2.1 The parties acknowledge that at the time of the Initial Public Offering, the Board includes Mr. Charles, Mr. Milgrim, four designees of Abrams (the “Abrams designees”) and Paul S. Levy, a designee of GPV (“Mr. Levy”).
2.2 Mr. Charles hereby agrees, and agrees to cause his Controlled Affiliates, to vote all of the shares of Common Stock then owned by him and his Controlled Affiliates at any regular or special meeting of stockholders called for the purpose of the election of directors on the Board, or by written consent for the purpose of the election of directors on the Board, in each case, at which any of Mr.

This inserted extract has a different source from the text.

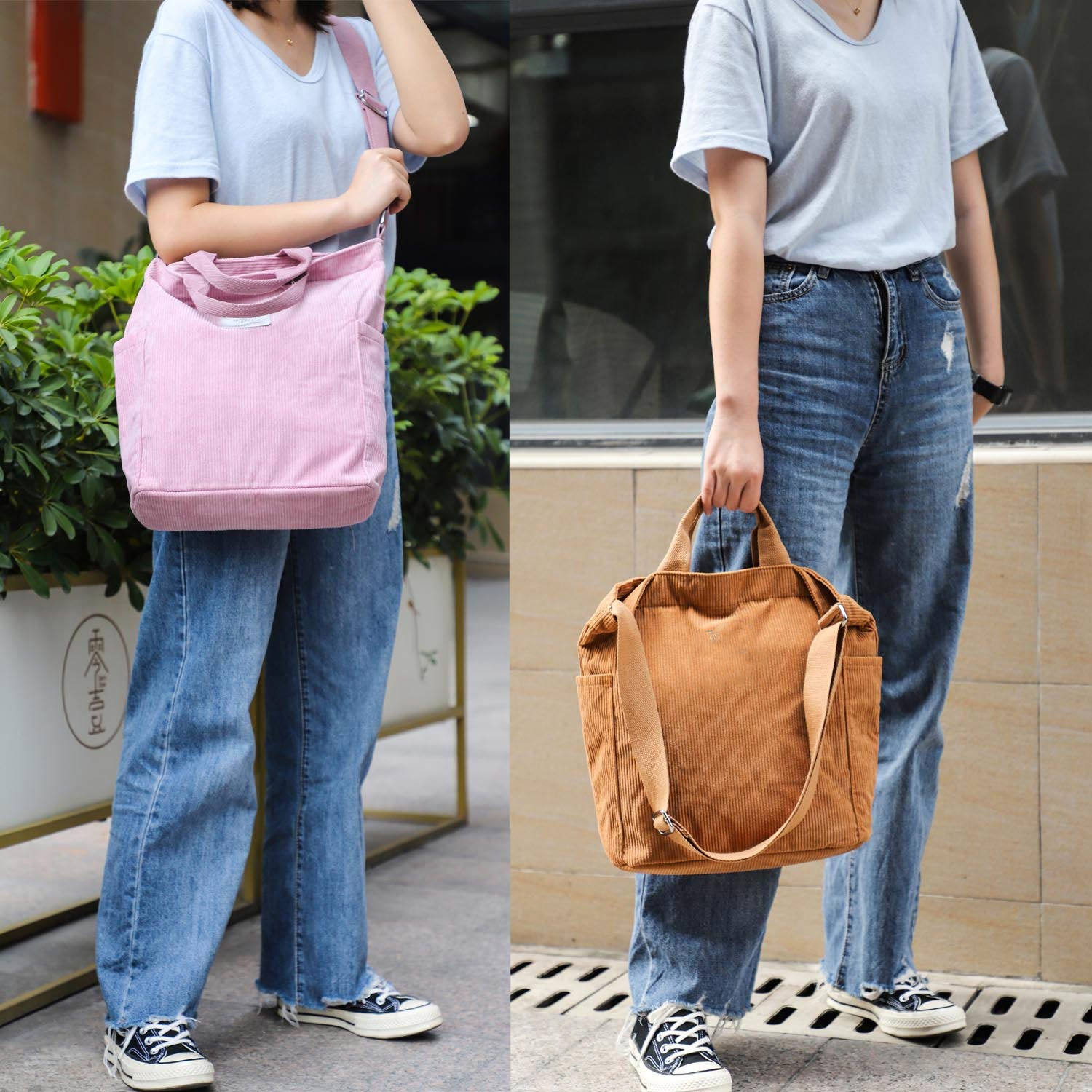 대용량 대형 토트 백 여성용 크로스 바디 숄더 핸드백 쇼핑백 orduroy Messenger Hobo Bag

Milgrim, Mr. Levy, or any person identified by Abrams to Mr. Charles as an Abrams designee is standing for election as a director of the Company, in favor of the election of Mr. Milgrim, Mr. Levy and such Abrams designees, respectively, to the Board.
2.3 Mr. Milgrim hereby agrees, and agrees to cause his Controlled Affiliates, to vote all of the shares of Common Stock then owned by him and his Controlled Affiliates at any regular or special meeting of stockholders called for the purpose of the election of directors on the Board, or by written consent for the purpose of the election of directors on the Board, in each case, at which any of Mr. Charles, Mr. Levy, or any person identified by Abrams to Mr. Milgrim as an Abrams designee is standing for election as a director of the Company, in favor of the election of Mr. Charles, Mr. Levy and such Abrams designees, respectively, to the Board.
2.4 Abrams hereby agrees, and agrees to cause its Controlled Affiliates, to vote all of the shares of Common Stock then owned by Abrams and its Controlled Affiliates at any regular or special meeting of stockholders called for the purpose of the election of directors on the Board, or by written consent for the purpose of the election of directors on the Board, in each case, at which any of Mr. Charles, Mr. Milgrim, or Mr. Levy is standing for election as a director of the Company, in favor of the election of Mr. Charles, Mr. Milgrim and Mr. Levy, respectively, to the Board.
2.5 GPV hereby agrees, and agrees to cause its Controlled Affiliates, to vote all of the shares of Common Stock then owned by GPV and its Controlled Affiliates at any regular or special meeting of stockholders called for the purpose of the election of directors on the Board, or by written consent for the purpose of the election of directors on the Board, in each case, at which any of Mr. Charles, Mr. Milgrim, or any person identified by Abrams to GPV as an Abrams designee is standing for election as a director of the Company, in favor of the election of Mr. Charles, Mr. Milgrim, and such Abrams designees, respectively, to the Board.
3. Reporting Commitments
3.1 The Parties acknowledge and agree that, so long as this Agreement is in effect, the Parties hereto (i) may be deemed to be members of a “group” for purposes of Section 13(d) of the Exchange Act (“Section 13(d)”); and (ii) shall disclose the existence of this Agreement in all filings made pursuant to Section 13(d); provided that each Party may expressly disclaim the formation of any such group in any such Section 13(d) filing.
3.2 Each Party agrees that it will promptly (within two (2) business days) inform the other Parties in writing of any acquisition by such Party or any of its Controlled Affiliates of any shares of Common Stock (or securities convertible or exercisable into Common Stock).